Joshua Loth Liebman (April 7, 1907 – June 9, 1948) was an American Reform rabbi and best-selling author, best known for the book Peace of Mind, which spent more than a year at #1 on the New York Times Best Seller list.

==Biography==
Born in Hamilton, Ohio, Liebman graduated from the University of Cincinnati when he was 19 years old. He went on to be ordained and also earned a doctorate in Hebrew letters from Hebrew Union College. From 1934 to 1939, Liebman served as rabbi of K.A.M. Temple in Chicago, Illinois. In 1939, Liebman became the rabbi of Temple Israel, a Reform synagogue in Boston, Massachusetts.

A sermon Liebman gave at Temple Israel, titled "The Road to Inner Serenity", was published as a pamphlet by one of his friends, bookstore owner Richard Fuller, who passed it on to publisher Richard L. Simon of Simon & Schuster. Simon & Schuster then arranged to publish Liebman's self-help book titled Peace of Mind, issued in 1946, which sought to reconcile religion and psychiatry. Liebman had himself previously undergone psychoanalysis. In Peace of Mind, Liebman "addressed himself to the individual whose personal grief and anxiety, unassuageable by social betterment alone, required an inner peace that psychology and religion, working together, could provide." Peace of Mind became one of the year's best-selling books. Reaching #1 on the New York Times nonfiction best-sellers list on October 27, 1946, Peace of Mind held the top position on the list for a total of 58 (non-consecutive) weeks, and spent more than three straight years on the list. (In 1949, Roman Catholic Bishop Fulton J. Sheen responded to Liebman's assertions by publishing a book of his own entitled Peace of Soul.)

Scholar Andrew R. Heinze has described the impact of Peace of Mind as follows: "In its time, Peace of Mind was something of a cultural earthquake, allowing subterranean plates of religion, gender and ethnicity to find a new alignment in postwar America. Or, to invoke a commercial metaphor, Peace of Mind marked the arrival of Judaism in a marketplace of Christian goods. When Judaism appeared, it came with the colorful plastic of postwar psychology. Thus bundled, the old faith and the new therapy broke the religion monopoly of twentieth-century America."

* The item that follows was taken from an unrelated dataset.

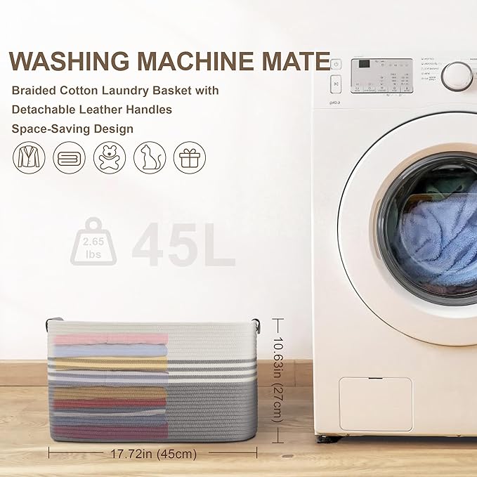 - HOUSEHOLD STORAGE SOLUTION:45L storage basket. The basket can hold the entire family's daily laundry and can be used as a toy storage basket, a baby laundry basket, a blanket/throw storage for living room or a towel basket for bathroom, a nursery laundry basket

In September 1947, the rabbi and his wife Fan took in a teenager, Leila Bornstein, a Polish-born survivor of the Auschwitz concentration camp. Leila's parents and two younger sisters perished in the camp. The rabbi and his wife had been childless for the past 19 years and would later adopt Leila. A brief article on the family was featured in The Ladies' Home Journal in January 1948.

While Peace of Mind was still on the best-sellers list, Liebman died at age 41 on June 9, 1948. Liebman's death was attributed to a "heart attack" or "heart ailment", with one obituary reporting that he had a heart attack following a severe case of influenza. He is buried in the Temple Israel Cemetery in Wakefield, Massachusetts.